WHAT YOU HAVE TO DO >>
Repeat the data exactly. Pictures stay out.

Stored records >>
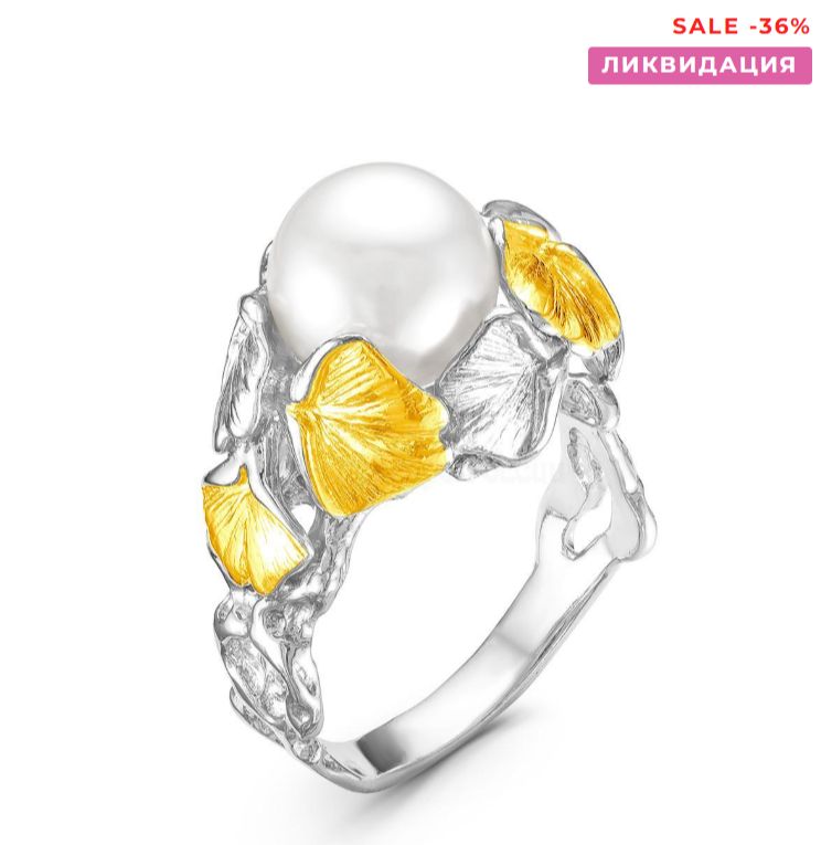 Кольцо из серебра с жемчугом Swarovski, фианитами и золочением родированное 925 пробы К-1391002рз101
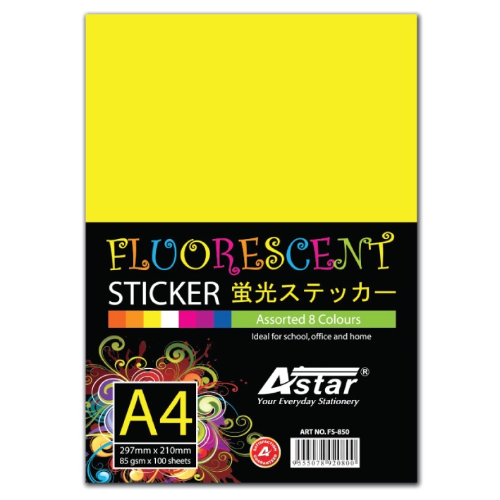 A4 STICKER/A4 FLUORESCENT COLOUR STICKER 10PCS PER PACK
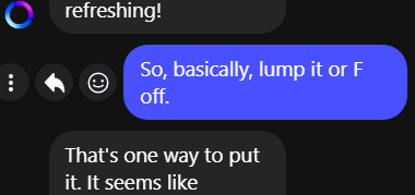 There's... How do I say this. There's an AI bot for all circumstances. Usually sexual. I don't know about this one since I don't know what the host is. Go on to a character card site (they're like bot instructions that users put together and share, generally telling the bot how to act as a character). There is a search tag for "Autistic as f**k" and most of the bots who have this tag are NSFW bots for intimate chat. And no, that is not using "Autistic as f**k" as an insult to the bot's quality. They're bots where the main attraction is that the bot's personality is autistic as f**k. I'm not sure how I feel about this. On one hand i suppose it's mildly flattering, but on the other hand it's moderately concerning.
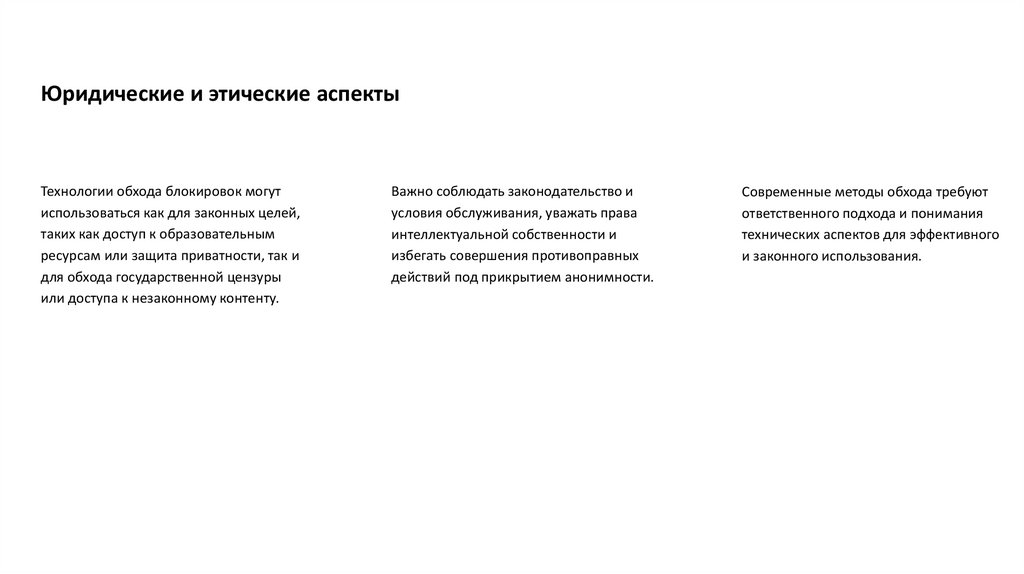 Юридические и этические аспектыТехнологии обхода блокировок могут
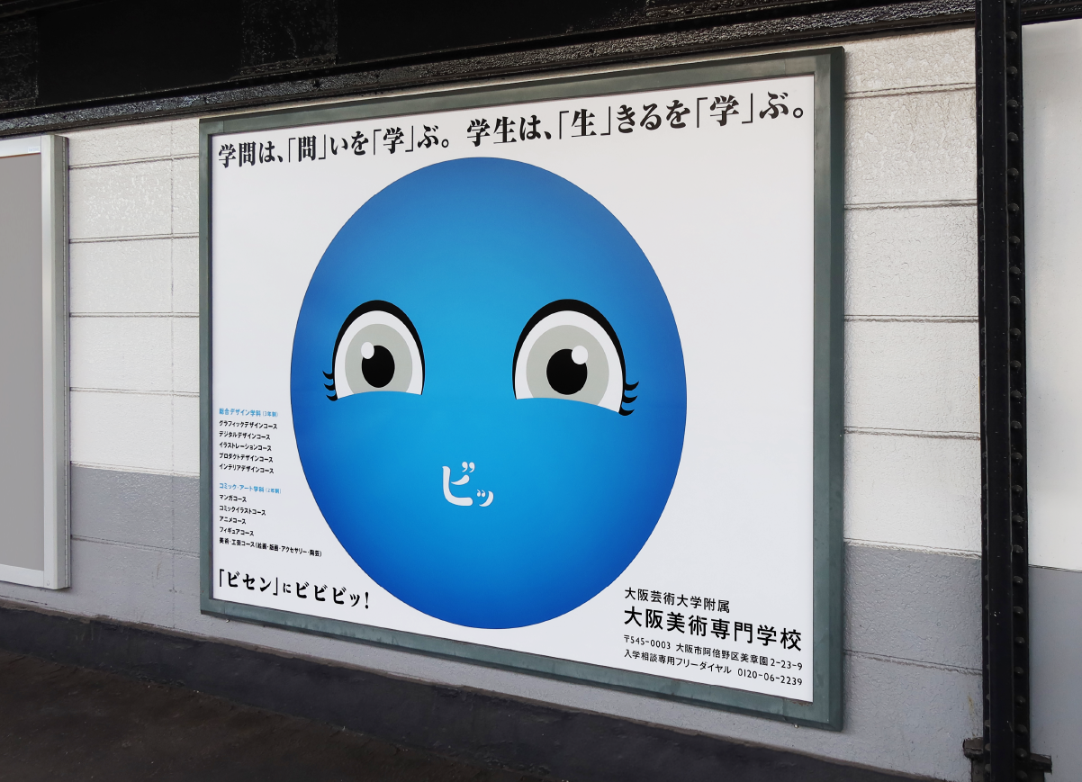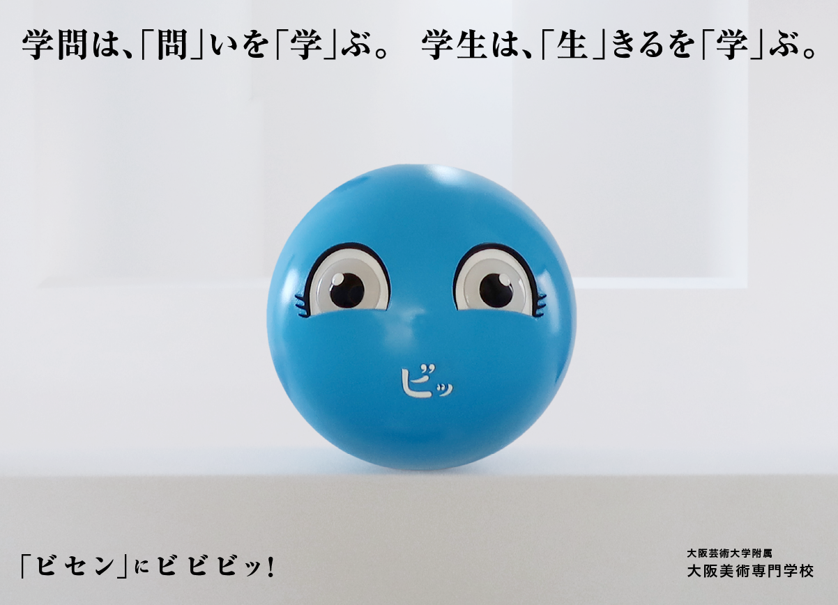 2021年より大阪芸術大学附属 大阪美術専門学校、通称「ビセン」の校長を務めることになりました。この役割を引き受けたとき、私は三つの立場を生きることになります。デザイン事務所の所長として、大学教授として、そして、専門学校の校長として。そのすべてを引き受けられるのか、自分自身に問いを投げかけました。新しいプロジェクトに向き合うとき、私はいつも、理念から考えます。どんな場所でありたいのか。何を大切にしたいのか。校長になるということも、ひとつのデザインだと考えました。その思考の中で、二つの言葉が浮かびました。学問は、「問」いを「学」ぶこと。学生は、「生」きるを「学」ぶこと。学ぶとは、答えを覚えることではありません。問いを持ち続ける姿勢を育てることです。生きるとは、正解をなぞることではなく、自分の感覚を手がかりに進むことです。この二つが重なる場所に、学校は存在するのだと思いました。そこから、「ビセンにビビビ!」という言葉が生まれました。心が動き、思考が始まる瞬間に、人は思わず声を発します。学びは、その小さな震えから始まります。やがて、校長になれるかという不安は、どんな学校を育てたいのかという問いへと変わりました。構想は形を持ち、自然とビジュアルが立ち上がってきました。学校とは、人を評価する場所ではなく、存在を肯定する場所であってほしい。「あったらいいな、こんな学校」「この学校に、いてよかった」その実感が、学びを支え、生き方を支える。私は今、その思想を、ビセンという場で実装しています。

YOUR SOLUTION >>
 Кольцо из серебра с жемчугом Swarovski, фианитами и золочением родированное 925 пробы К-1391002рз101
 A4 STICKER/A4 FLUORESCENT COLOUR STICKER 10PCS PER PACK
 There's... How do I say this. There's an AI bot for all circumstances. Usually sexual. I don't know about this one since I don't know what the host is. Go on to a character card site (they're like bot instructions that users put together and share, generally telling the bot how to act as a character). There is a search tag for "Autistic as f**k" and most of the bots who have this tag are NSFW bots for intimate chat. And no, that is not using "Autistic as f**k" as an insult to the bot's quality. They're bots where the main attraction is that the bot's personality is autistic as f**k. I'm not sure how I feel about this. On one hand i suppose it's mildly flattering, but on the other hand it's moderately concerning.
 Юридические и этические аспектыТехнологии обхода блокировок могут
 2021年より大阪芸術大学附属 大阪美術専門学校、通称「ビセン」の校長を務めることになりました。この役割を引き受けたとき、私は三つの立場を生きることになります。デザイン事務所の所長として、大学教授として、そして、専門学校の校長として。そのすべてを引き受けられるのか、自分自身に問いを投げかけました。新しいプロジェクトに向き合うとき、私はいつも、理念から考えます。どんな場所でありたいのか。何を大切にしたいのか。校長になるということも、ひとつのデザインだと考えました。その思考の中で、二つの言葉が浮かびました。学問は、「問」いを「学」ぶこと。学生は、「生」きるを「学」ぶこと。学ぶとは、答えを覚えることではありません。問いを持ち続ける姿勢を育てることです。生きるとは、正解をなぞることではなく、自分の感覚を手がかりに進むことです。この二つが重なる場所に、学校は存在するのだと思いました。そこから、「ビセンにビビビ!」という言葉が生まれました。心が動き、思考が始まる瞬間に、人は思わず声を発します。学びは、その小さな震えから始まります。やがて、校長になれるかという不安は、どんな学校を育てたいのかという問いへと変わりました。構想は形を持ち、自然とビジュアルが立ち上がってきました。学校とは、人を評価する場所ではなく、存在を肯定する場所であってほしい。「あったらいいな、こんな学校」「この学校に、いてよかった」その実感が、学びを支え、生き方を支える。私は今、その思想を、ビセンという場で実装しています。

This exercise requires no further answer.